Theorem (Brändén-Huh): If f = \sum_{\alpha \in \Delta^d_n} \frac{c_\alpha}{\alpha!} x^\alpha is Lorentzian, then c_\alpha^2 \geq c_{\alpha + e_i - e_j} c_{\alpha - e_i + e_j} for all i,j, where e_i is the i^{\rm th} standard basis vector in {\mathbb Z}^n.

In addition, being Lorentzian implies a strong log-concavity property for the values of the polynomial:

Theorem (Brändén-Huh): If f is Lorentzian, then \log f is a concave function on the positive orthant {\mathbb R}^n_{>0}. In fact, a homogeneous polynomial f \in H^d_n with non-negative coefficients is Lorentzian if and only if \log \partial^\alpha f is a concave function on {\mathbb R}^n_{>0} for all \alpha \in \Delta^{d-2}_n.

In particular, if we can verify that a given homogeneous polynomial f is Lorentzian, we obtain a whole suite of interesting inequalities satisfied by not only the coefficients of f but also the values of \log f. Because of the closure operation, however, it is not obvious from the definition how to check whether a polynomial is Lorentzian. We will turn to this issue next, after presenting a few examples and non-examples of Lorentzian polynomials. (Note: some of the following assertions are easy to check and others are much harder, but all are explained in the paper of Brändén-Huh.)

Example #1: (n=2) A bivariate homogenous polynomial of degree d with non-negative coefficients is Lorentzian if and only if the coefficients form an ULC sequence, i.e., they satisfy Newton’s inequalities. Note that this is more general than being real-rooted: for example, f(x,y) = 2x^3 + 12x^2 y + 18x y^2 + 9y^3 is Lorentzian but not real-rooted.
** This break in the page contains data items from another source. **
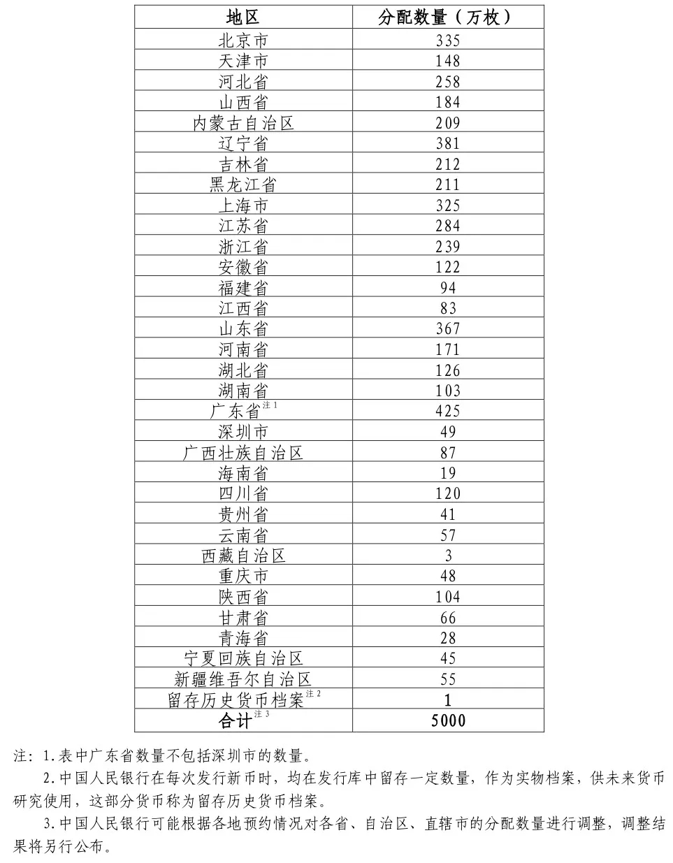武夷山国家公园双色铜合金纪念币面额为10元,直径为27毫米,材质为双色铜合金,发行数量为5000万枚。各省、自治区、直辖市分配数量如下:
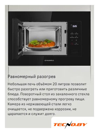 встраиваемая, микроволны и гриль, объем 20 л, управление электронное, автоприготовление, авторазмораживание, цвет черный
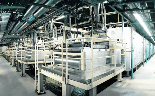 山特維克提供的薄膜流延設(shè)備都是基于優(yōu)質(zhì)的鏡面拋光鋼帶,因?yàn)橹挥懈哔|(zhì)量的鋼帶表面才能制造出高性能的薄膜。我們的拋光鋼帶都產(chǎn)自瑞典,擁有上百年的技術(shù)和經(jīng)驗(yàn)。在拋光鋼帶的生產(chǎn)過(guò)程中采用電渣重熔法(Electro-Slag-Remelting) 嚴(yán)格控制雜質(zhì)含量來(lái)滿足極高品質(zhì)的要求。冷軋鋼帶經(jīng)整平和裁邊后可達(dá)到最高的平整度和直線度要求。全面的橫向連續(xù)拋光使產(chǎn)品達(dá)到最終的超鏡面拋光質(zhì)量。
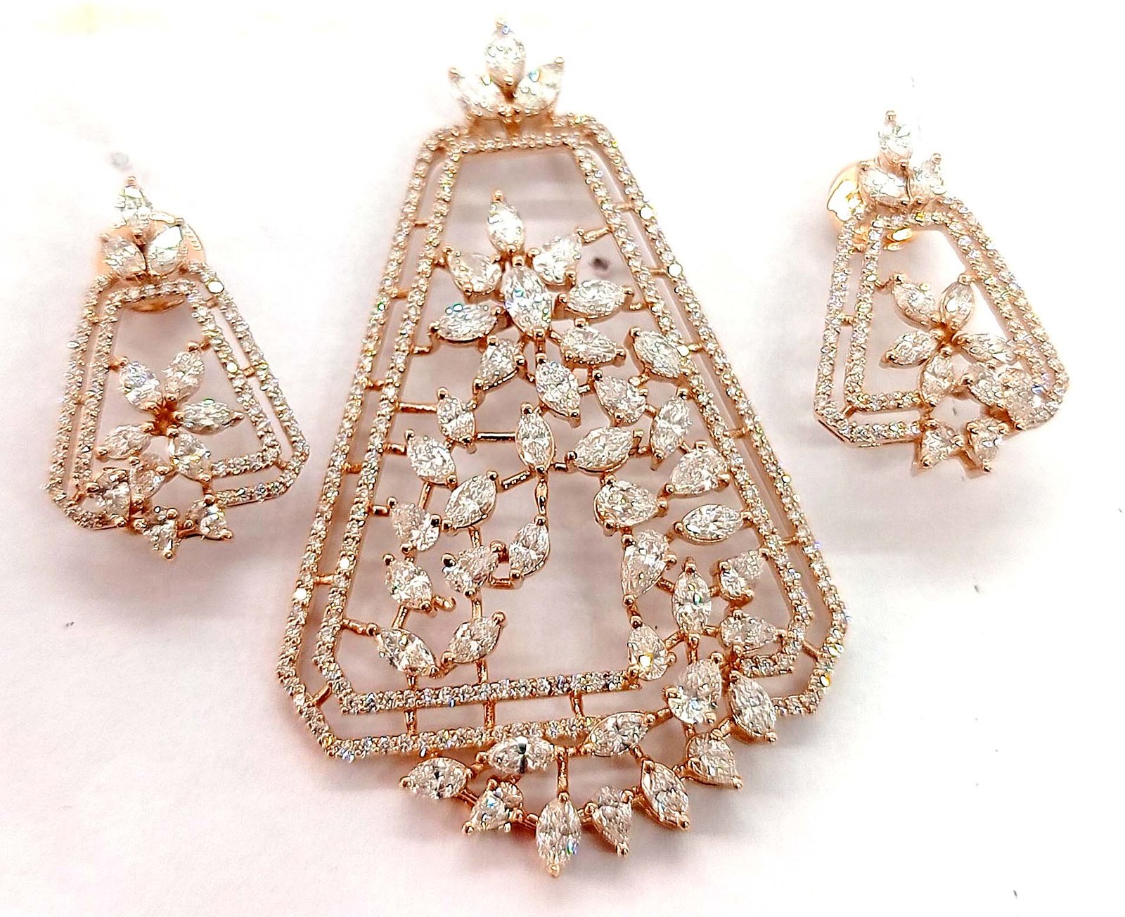 One Pendent Set weighing in total 13.84 gms, studded with 398 Pcs. Diamonds.
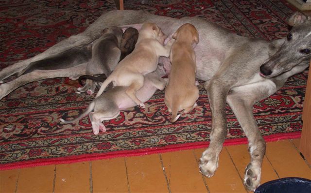 Сообщили о новом помете хортых - у Юры Недугова 7 937 541 79 17 и 8 844 446 57 28. Ласта родила десять - девять парней и одну девицу. На скорую руку даю начало родословной - дальше заполню днями ![]() Как всегда, если щелкнуть по картинке, откроются другие фото Сука роскошная - дай бог, чтобы дети не хуже были |
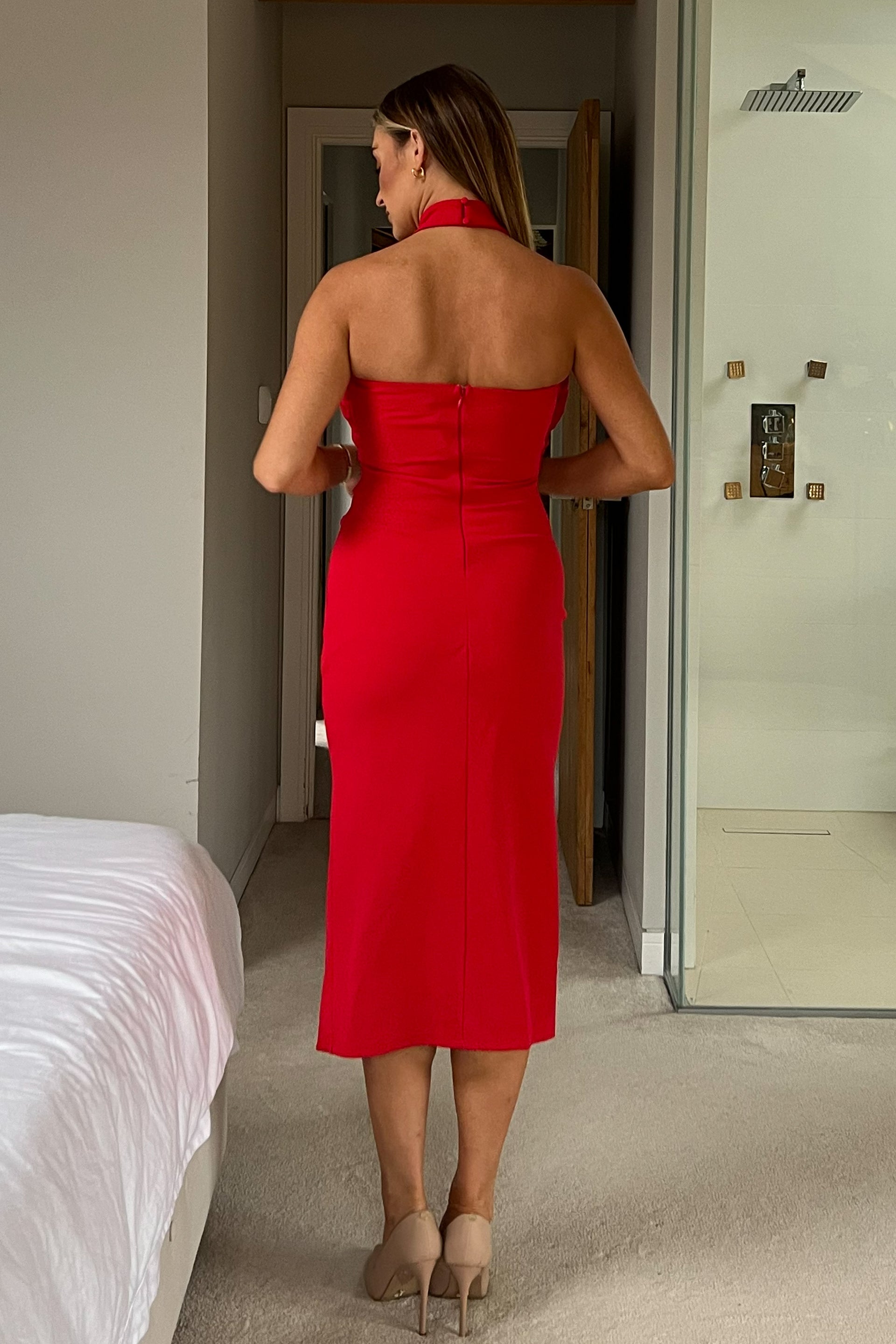 Bessie Halter Neck Side Split Midi Dress Bright Red

Example #2 (d=2): A homogeneous quadratic form f in n variables with non-negative coefficients is Lorentzian if and only if the Hessian of f has at most one positive eigenvalue.

Example #3: (A warning) For d>2, being Lorentzian is not the same thing as checking that all partial derivatives of order d-2 are Lorentzian quadratic forms. (In other words, the closure operation does not “commute” with taking partial derivatives.) For example, one can show (see below) that f(x,y)=x^3 + y^3 is not Lorentzian despite the fact that both \partial_x f and \partial_y f are.

Example #4: A homogenous polynomial f \in H^d_n with non-negative coefficients is called stable if f(\ell(x)) is real-rooted for all affine-linear maps \ell : {\mathbb R} \to {\mathbb R}^n with positive gradient (i.e., \ell(x) = ux + v with u \in {\mathbb R}^n_{>0} and v \in {\mathbb R}^n). It turns out that a homogeneous stable polynomial is automatically Lorentzian. It was known prior to the work of Brändén-Huh et. al. that the coefficients of a stable polynomial are log-concave, so the new work can be viewed as a far-reaching generalization of this fact.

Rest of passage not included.